- Given data -

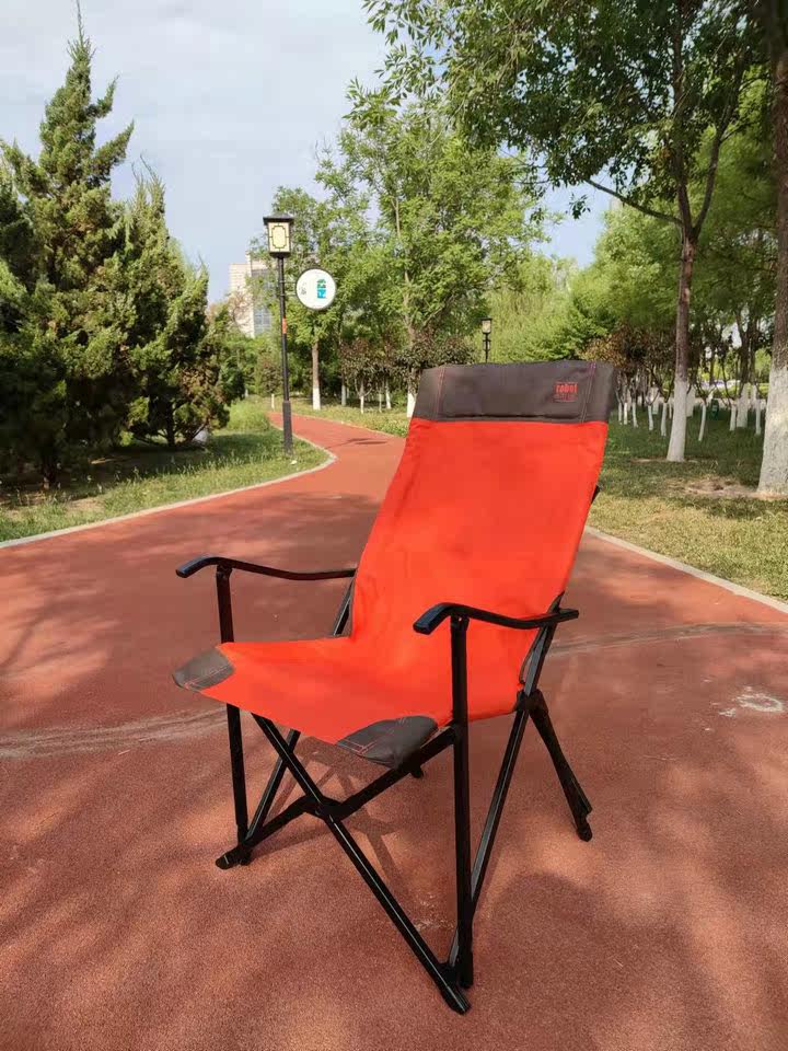 背もたれを好みの角度に調節できるリクライニング機能を搭載したアウトドアチェアです。 高めの背もたれが頭部までしっかりと支え、長時間座っても疲れにくい設計になっています。 折りたたみ式で持ち運びや収納が便利なため、キャンプや釣り、野外フェスなど様々な場面で活躍します。 丈夫な金属フレームと耐久性のある生地を使用しており、安定した座り心地を実現しました。
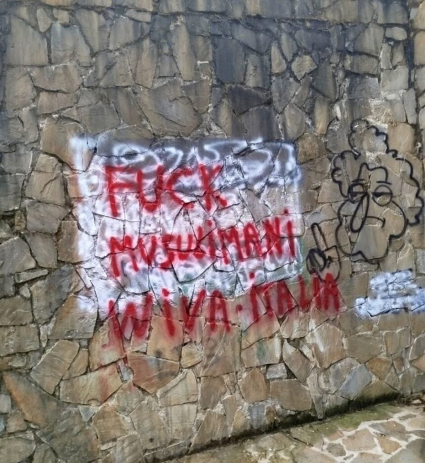 “Fuck Musulimani, wiva Italia”: è questa la scritta comparsa in questi giorni sul muro della storica Fontana dell’Inverno, nel cuore di Teggiano.
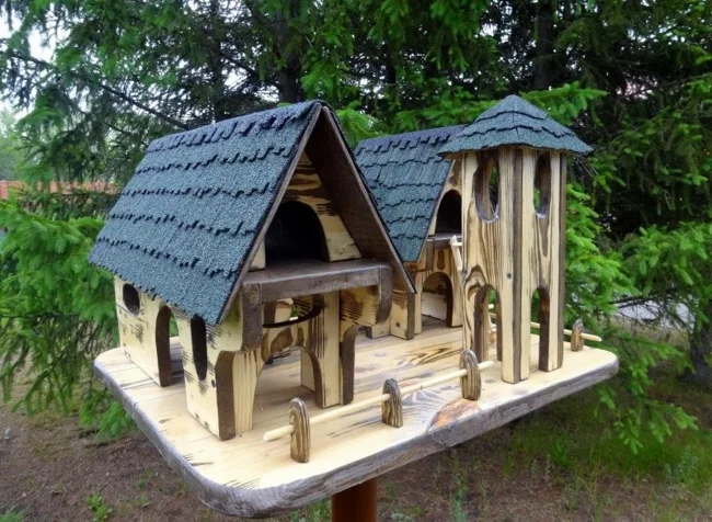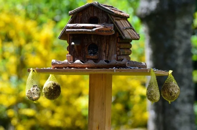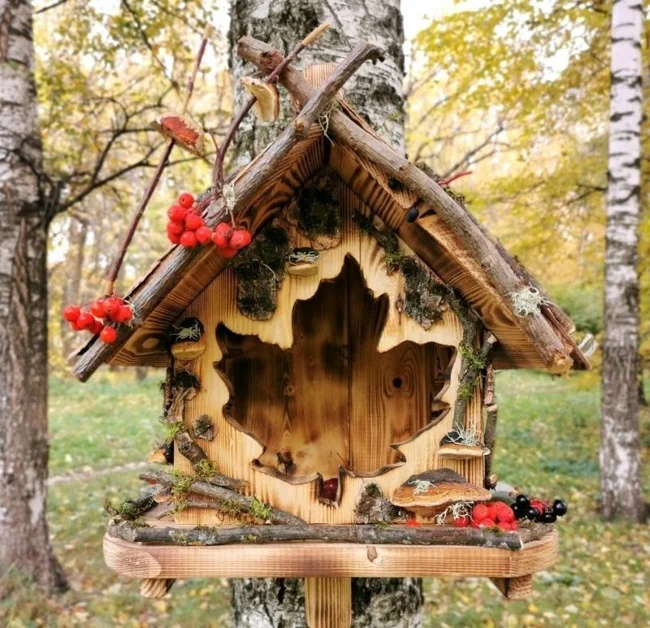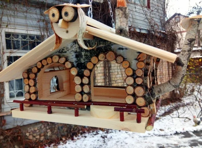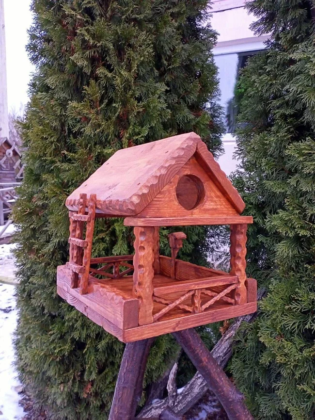 A feeder is a mobile structure into which food is poured, helping birds to survive the winter without experiencing hunger.

- How to complete this task -
Once the pictures are dropped, repeat the data above exactly.

- Response for this exercise -
 背もたれを好みの角度に調節できるリクライニング機能を搭載したアウトドアチェアです。 高めの背もたれが頭部までしっかりと支え、長時間座っても疲れにくい設計になっています。 折りたたみ式で持ち運びや収納が便利なため、キャンプや釣り、野外フェスなど様々な場面で活躍します。 丈夫な金属フレームと耐久性のある生地を使用しており、安定した座り心地を実現しました。
 “Fuck Musulimani, wiva Italia”: è questa la scritta comparsa in questi giorni sul muro della storica Fontana dell’Inverno, nel cuore di Teggiano.
 A feeder is a mobile structure into which food is poured, helping birds to survive the winter without experiencing hunger.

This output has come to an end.